» PROBLEM TO SOLVE
Transcribe exactly the lines below that begin at the line with "In great preloved" and stop after the line with "LED-UV systems are", leaving out every picture.

##### SUPPLIED RECORDS

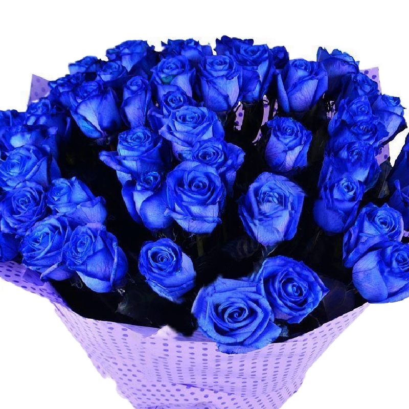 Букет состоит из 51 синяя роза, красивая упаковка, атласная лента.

##########
##### SUPPLIED RECORDS

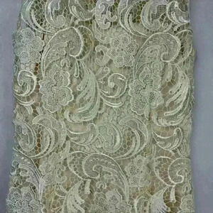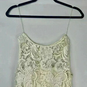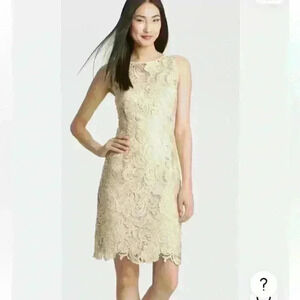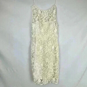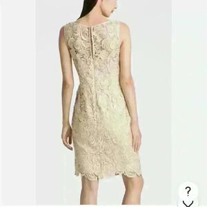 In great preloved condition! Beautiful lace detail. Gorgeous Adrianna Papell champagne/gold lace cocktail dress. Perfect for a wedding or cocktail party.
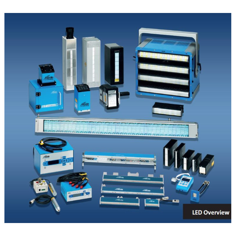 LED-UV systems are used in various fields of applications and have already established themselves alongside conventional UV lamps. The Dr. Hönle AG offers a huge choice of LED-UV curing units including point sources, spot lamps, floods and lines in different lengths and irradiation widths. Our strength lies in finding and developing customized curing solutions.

##########
##### SUPPLIED RECORDS

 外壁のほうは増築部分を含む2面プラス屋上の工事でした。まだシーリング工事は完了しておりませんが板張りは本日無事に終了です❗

##########

» WRITTEN RESPONSE
 In great preloved condition! Beautiful lace detail. Gorgeous Adrianna Papell champagne/gold lace cocktail dress. Perfect for a wedding or cocktail party.
 LED-UV systems are used in various fields of applications and have already established themselves alongside conventional UV lamps. The Dr. Hönle AG offers a huge choice of LED-UV curing units including point sources, spot lamps, floods and lines in different lengths and irradiation widths. Our strength lies in finding and developing customized curing solutions.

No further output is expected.